Next Otto considers the experience of the
mysterium tremendum, which carries with it a complex
of feelings, with mysterium denoting "that which is
hidden and.esoteric, that which is beyond conception
or understanding, extraordinary and unfamiliar."(12)
Tremendum evokes a "peculiar dread" of something
uncanny, aweful, weird, eerie, and absolutely
unapproachable, causing the flesh to creep.
Throughout his description, Otto stresses that
although these feelings may have analogs among
"natural" moments of consciousness, there is a
qualitative difference between them. For example, he
characterizes the dread of the tremendum as something
other than natural fear, "a terror fraught with an
inward shuddering such as not even the most menacing
and overpowering created thing can instil."(13)
As the object of these feelings, the numinous is
endowed with might, power, transcendence, absolute
overpoweringness, majesty, and a "plenitude of being"
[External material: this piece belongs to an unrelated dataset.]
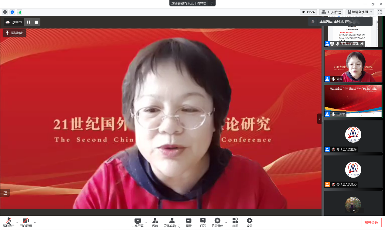 第三阶段的主旨发言由国务院第八届马克思主义理论学科评议组成员、中山大学betway88西汉姆联经理林进平教授主持。山东师范大学原党委书记、betway88西汉姆联商志晓教授作题为“统筹把握一系列重大判断的内在联通”的主旨发言。他指出“两个结合”“两个创造”“两个强国”“两个现代化”“两个人类共同追求”等重大判断存在内在联通。从蕴涵意义来看,这些判断提出的时空背景、内涵要素、战略思考、主题要义存在贯通性;从逻辑理路上来看,这些判断的逻辑关系、否定视角、贯通理念存在一致性;从科学思维方法来看,这些重大判断一分为二、两两对应,它们实质上是实践领域和认识领域、物质世界和精神世界、实体存在和观念存在的界域问题。中央马克思主义理论和研究建设工程首席专家、福建师范大学betway88西汉姆联郑传芳教授作题为“对马克思主义中国化规律的深刻揭示”的主旨发言。他认为习近平总书记关于“坚持把马克思主义基本原理同中国具体实际相结合、同中华优秀传统文化相结合”的重要论述,是对马克思主义中国化规律的深刻揭示。“两个结合”反映了马克思主义中国化的实质要求;揭示了马克思主义中国化的实现路径;指明了马克思主义中国化的前进方向;是具有坚实基础的重大论断。国务院第八届马克思主义理论学科评议组成员、北京师范大学betway88西汉姆联王树荫教授作题为“以大历史观审视中国共产党百年奋斗的历史定位”的主旨发言。他指出,以大历史观审视中国共产党百年奋斗历史定位,确证中国共产党百年奋斗历史坐标、明晰中国共产党百年奋斗重大成就、理解中国共产党百年奋斗历史意义,是一个理性选择和有效之举。具体而言,需要从指导思想与具体维度两方面深入把握。在指导思想方面要以唯物史观为指导,运用大历史观,树立正确党史观。从具体维度看,要从180多年中国近现代史、5000多年中华民族发展史、500多年的社会主义发展史、人类社会发展史四大维度定位中国共产党的百年历史。中央马克思主义理论研究和建设工程咨询委员会委员、天津大学betway88西汉姆联经理颜晓峰教授作题为“在全面现代化新征程中继续发展21世纪马克思主义”的主旨发言。他从准确认识和把握在时代之变和世纪疫情相互叠加新的动荡变革期建设社会主义现代化强国的历史大势;准确认识和把握在社会主义初级阶段进入新发展阶段条件下建设社会主义现代化强国的发展战略;准确认识和把握在扎实推动共同富裕目标下建设社会主义现代化强国的原则方法;准确认识和把握在前进道路风险挑战复杂性增强形势下建设社会主义现代化强国的实践要求;准确认识和把握在依靠党的自我革命跳出历史周期率路径上建设社会主义现代化强国的关键之举等五个方面进行了深入解读。他强调,坚持把马克思主义基本原理同新时代中国具体实际结合起来,科学回答建设什么样的社会主义现代化强国、怎样建设社会主义现代化强国的重大时代课题,是继续发展当代中国马克思主义、21世纪马克思主义的重要动力。

surpassing any created thing. It has urgency, energy,
passion, and emotional temper. Because it is that
"which is quite beyond the sphere of the usual, the
intelligible, and the familiar,"(14) it is called
"the wholly other" which brings forth feelings of
wonder, amazement, and astonishment. The numinous
produces a captivating attraction in one sensitive to
it the element of fascination. Otto finds these
feeling-responses to be common to all forms of
mysticism.
Not only does he enumerate these various
reactions to the numinous, he also emphatically
contends that these feelings are the only media
through which the numinous, or reality, can be known.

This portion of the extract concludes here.